- [TO DO] The data below should be restated word for word, pictures omitted.

- [DATA]
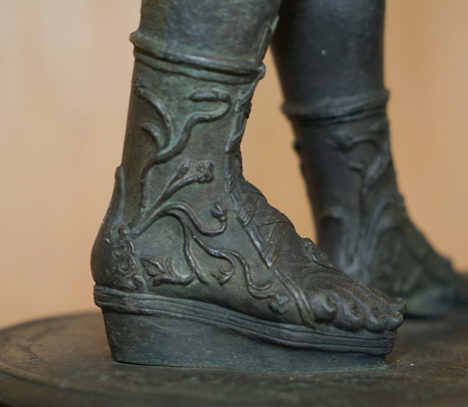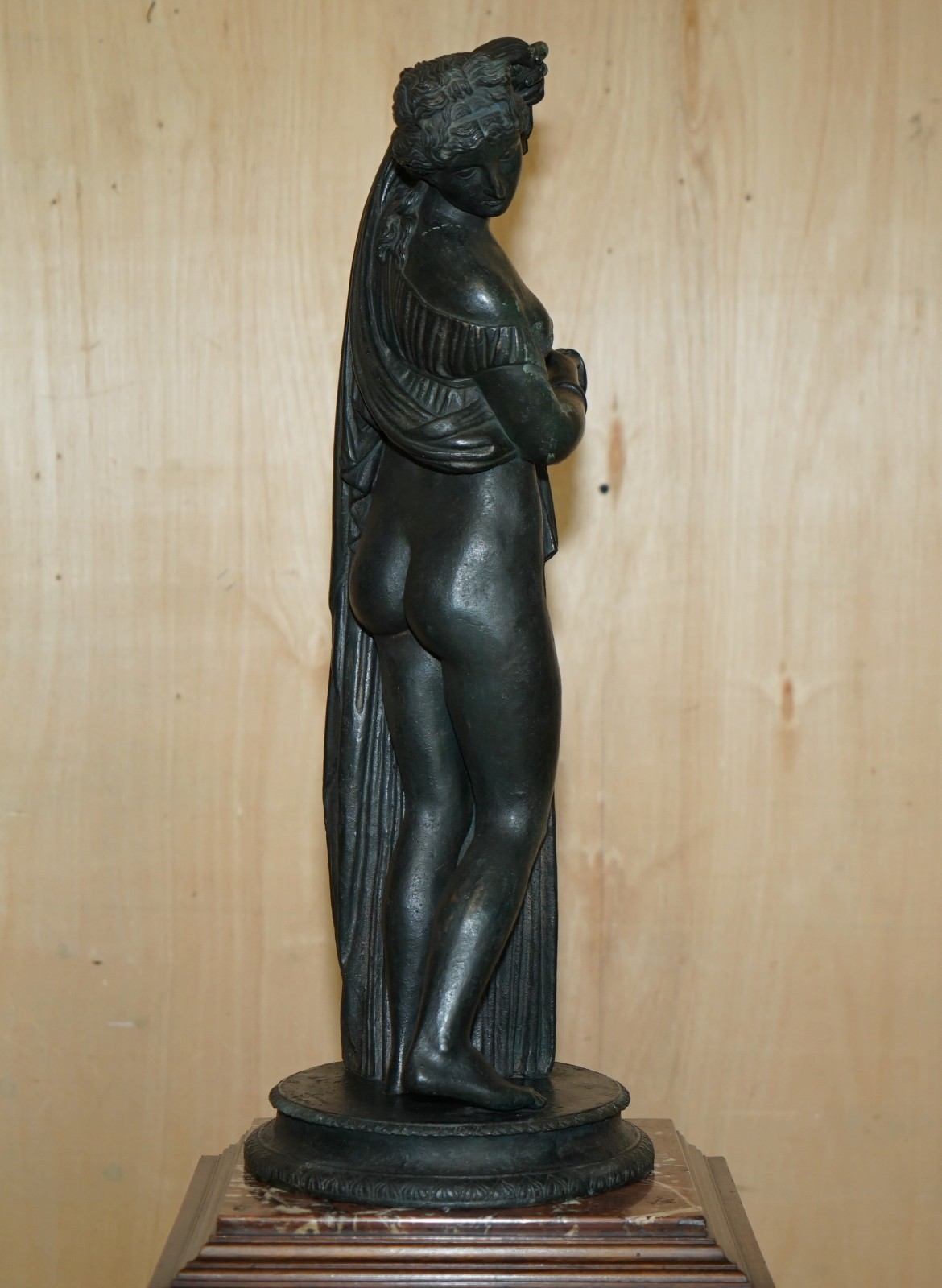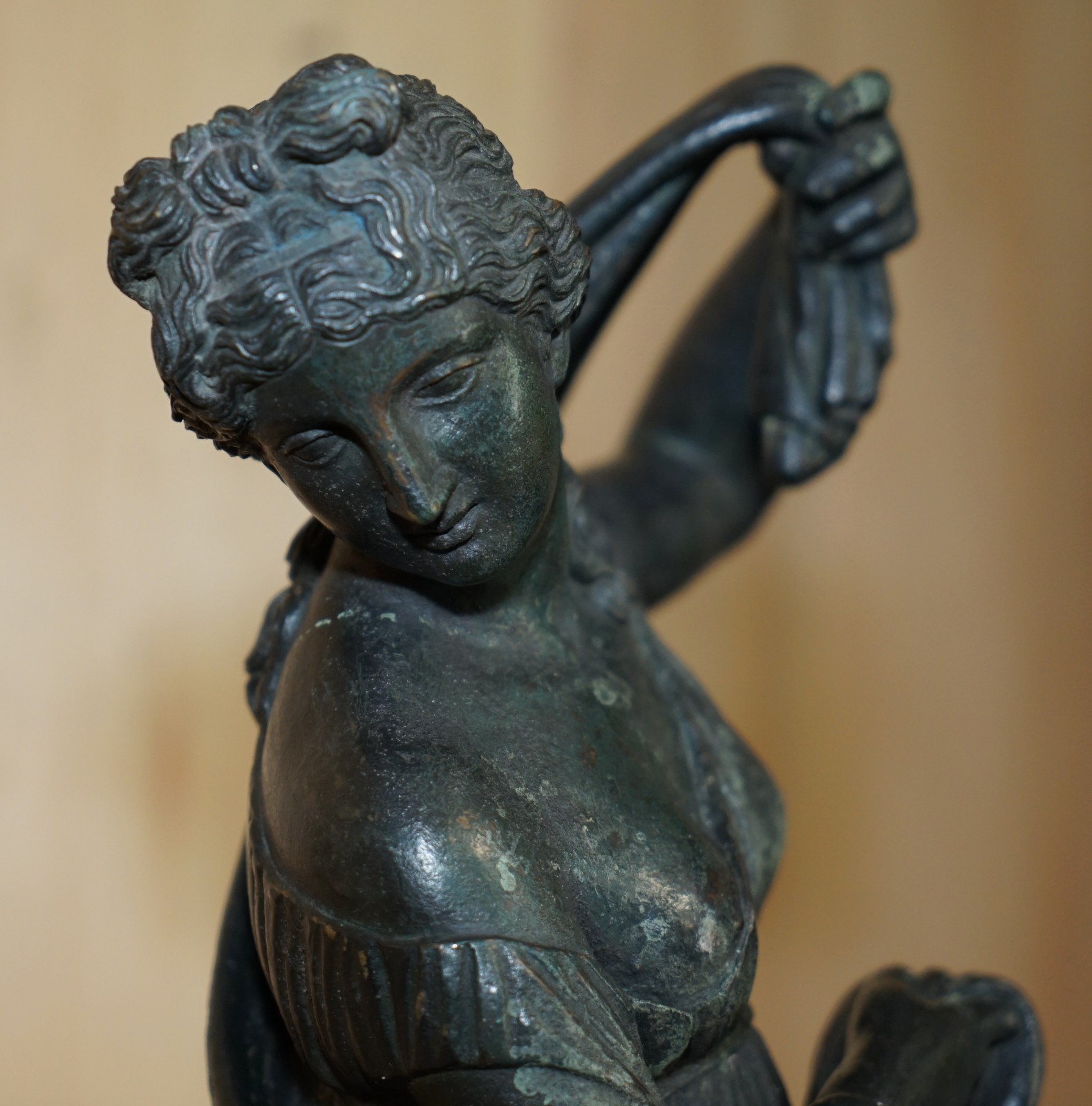 The surface throughout is characterized by perfection: smooth and exquisitely finished garments and skin all finished in a medium-brown translucent patina. The model depicts the Callipygian Venus, also known as the Venus Kallipygos or the Aphrodite Kallipygos. The term “Callipygian” is derived from the Greek words “kallos” meaning beautiful, and “pyge” meaning buttocks.
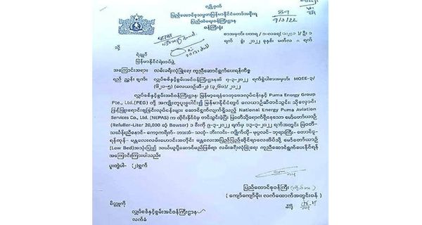 缅甸军事委员会已下达通知书指示缅甸警察部队,为运送航空燃油至曼德勒国际机场的油罐车提供安全保护。
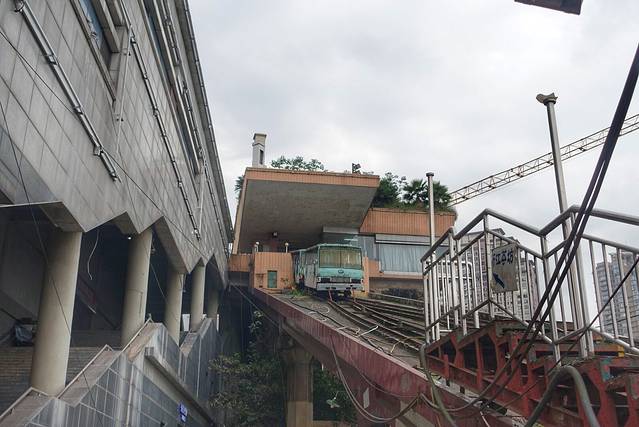 这次的意外收获就是这里。有段铁轨直直深入嘉陵江里,上面还有一个小火车。这个好像千寻里深入海中的海上列车。不过这个看来是废弃多年不用的了。据那里的职员说以前是在上面拉着客人进入江里上船的,想想也是蛮神奇的。

- [EXERCISE RESULT]
 The surface throughout is characterized by perfection: smooth and exquisitely finished garments and skin all finished in a medium-brown translucent patina. The model depicts the Callipygian Venus, also known as the Venus Kallipygos or the Aphrodite Kallipygos. The term “Callipygian” is derived from the Greek words “kallos” meaning beautiful, and “pyge” meaning buttocks.
 缅甸军事委员会已下达通知书指示缅甸警察部队,为运送航空燃油至曼德勒国际机场的油罐车提供安全保护。
 这次的意外收获就是这里。有段铁轨直直深入嘉陵江里,上面还有一个小火车。这个好像千寻里深入海中的海上列车。不过这个看来是废弃多年不用的了。据那里的职员说以前是在上面拉着客人进入江里上船的,想想也是蛮神奇的。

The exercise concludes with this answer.